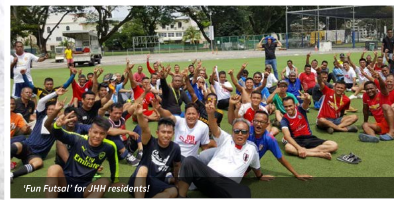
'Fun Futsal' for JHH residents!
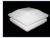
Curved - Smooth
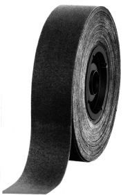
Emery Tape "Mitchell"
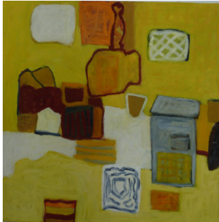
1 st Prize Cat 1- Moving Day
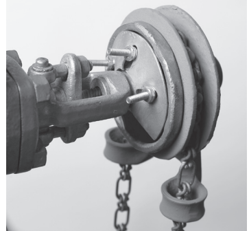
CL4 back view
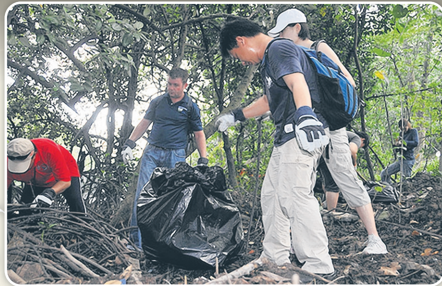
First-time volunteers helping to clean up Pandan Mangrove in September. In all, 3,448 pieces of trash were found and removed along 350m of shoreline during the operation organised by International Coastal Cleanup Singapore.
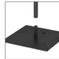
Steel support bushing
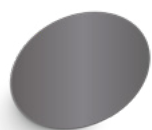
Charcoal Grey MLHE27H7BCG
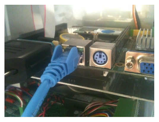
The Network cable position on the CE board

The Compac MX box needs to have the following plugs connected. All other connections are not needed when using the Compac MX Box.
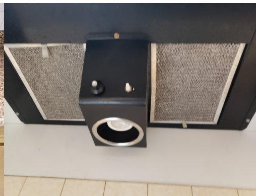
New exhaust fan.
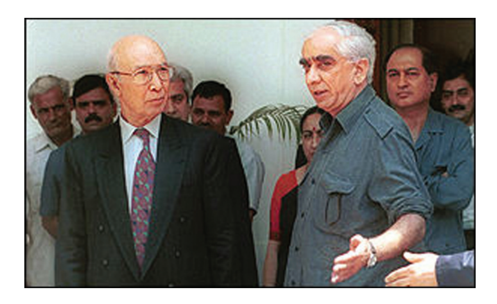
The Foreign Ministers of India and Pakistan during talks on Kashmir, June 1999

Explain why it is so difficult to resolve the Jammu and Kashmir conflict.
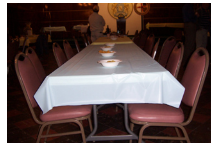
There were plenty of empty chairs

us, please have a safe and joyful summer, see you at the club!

□ □ □ □ □ □ □

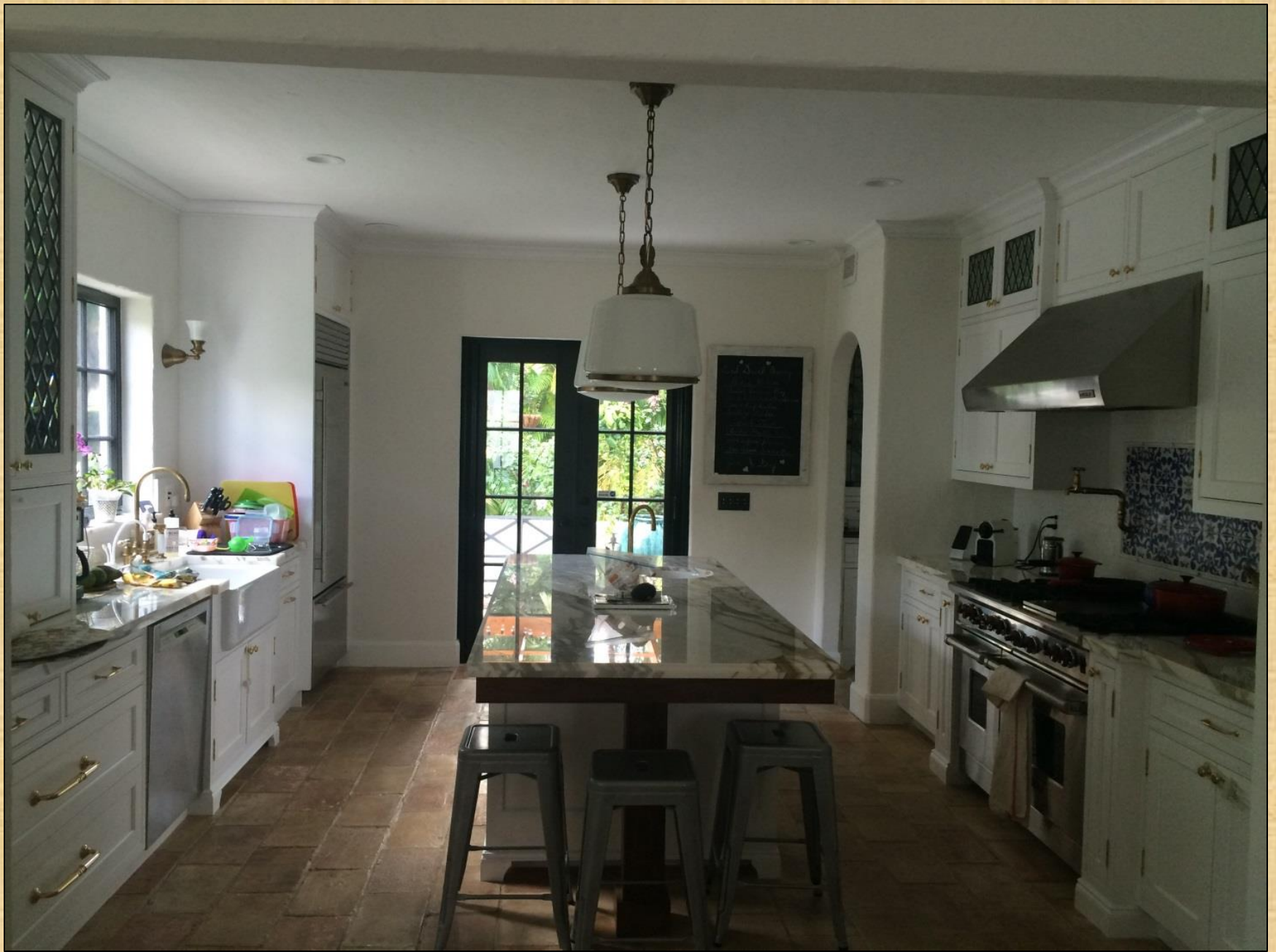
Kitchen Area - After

□ □ □ □ □ □ □

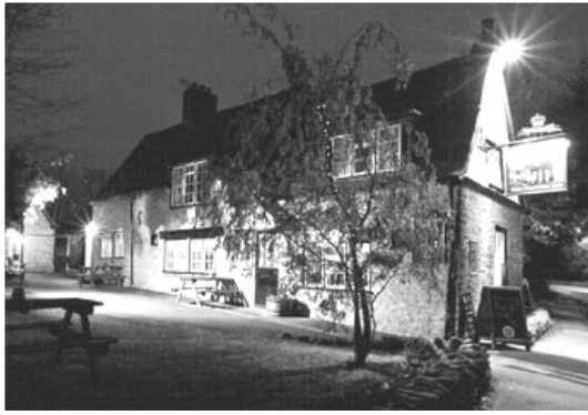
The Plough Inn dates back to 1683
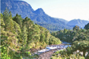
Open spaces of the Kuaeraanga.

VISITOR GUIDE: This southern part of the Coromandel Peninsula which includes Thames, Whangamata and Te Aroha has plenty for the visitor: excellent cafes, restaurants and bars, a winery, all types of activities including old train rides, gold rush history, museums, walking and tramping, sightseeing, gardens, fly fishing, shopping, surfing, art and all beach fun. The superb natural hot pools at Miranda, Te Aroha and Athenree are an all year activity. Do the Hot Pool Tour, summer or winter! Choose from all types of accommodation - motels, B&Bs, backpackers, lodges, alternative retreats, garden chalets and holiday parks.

□ □ □ □ □ □ □

*EXERCISE DESCRIPTION*. For this exercise, work out how many lines in the material include "Kashmir", and give only the number.

*RESULT FOR THIS TASK*. 2